_Data for processing:_
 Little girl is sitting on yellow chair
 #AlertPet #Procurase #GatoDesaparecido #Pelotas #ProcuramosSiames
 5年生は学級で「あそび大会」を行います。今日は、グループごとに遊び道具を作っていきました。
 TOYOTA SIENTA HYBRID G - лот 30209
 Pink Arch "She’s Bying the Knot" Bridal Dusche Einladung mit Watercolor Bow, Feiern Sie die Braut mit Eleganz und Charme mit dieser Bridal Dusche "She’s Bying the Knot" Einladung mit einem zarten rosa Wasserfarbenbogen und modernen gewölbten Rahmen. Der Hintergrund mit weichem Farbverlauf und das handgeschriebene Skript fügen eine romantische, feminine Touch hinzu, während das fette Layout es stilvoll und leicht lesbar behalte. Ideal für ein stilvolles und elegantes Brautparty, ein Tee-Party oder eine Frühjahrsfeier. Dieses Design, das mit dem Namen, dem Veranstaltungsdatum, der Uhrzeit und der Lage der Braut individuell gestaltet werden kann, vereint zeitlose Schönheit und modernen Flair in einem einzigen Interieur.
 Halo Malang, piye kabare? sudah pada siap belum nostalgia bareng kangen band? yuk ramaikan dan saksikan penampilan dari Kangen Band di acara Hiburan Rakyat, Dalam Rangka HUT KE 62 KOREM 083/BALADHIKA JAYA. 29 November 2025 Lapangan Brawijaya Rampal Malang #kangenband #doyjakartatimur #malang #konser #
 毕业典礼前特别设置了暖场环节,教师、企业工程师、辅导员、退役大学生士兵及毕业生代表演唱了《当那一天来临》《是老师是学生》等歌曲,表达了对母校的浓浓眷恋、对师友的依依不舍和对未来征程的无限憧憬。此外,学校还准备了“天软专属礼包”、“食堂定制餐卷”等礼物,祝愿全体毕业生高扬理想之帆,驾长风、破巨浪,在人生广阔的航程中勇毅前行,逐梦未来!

==

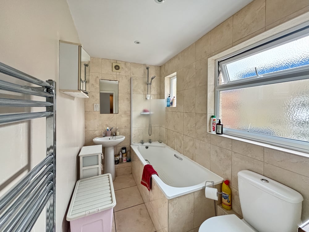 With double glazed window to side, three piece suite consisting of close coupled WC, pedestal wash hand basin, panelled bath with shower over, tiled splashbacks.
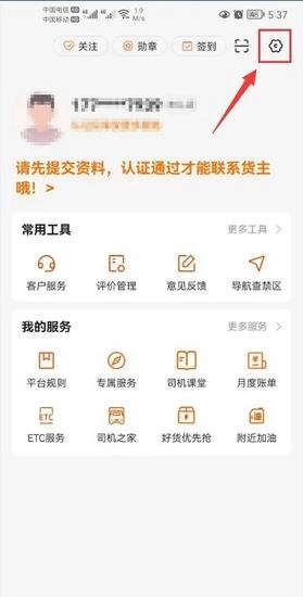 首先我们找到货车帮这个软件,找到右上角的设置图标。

_Problem description:_ From the line holding "5年生は学級で「あそび大会」" to the line holding "TOYOTA SIENTA HYBRID G - лот 30209", inclusive, restate each line above exactly as written.

_Solution to the problem:_
 5年生は学級で「あそび大会」を行います。今日は、グループごとに遊び道具を作っていきました。
 TOYOTA SIENTA HYBRID G - лот 30209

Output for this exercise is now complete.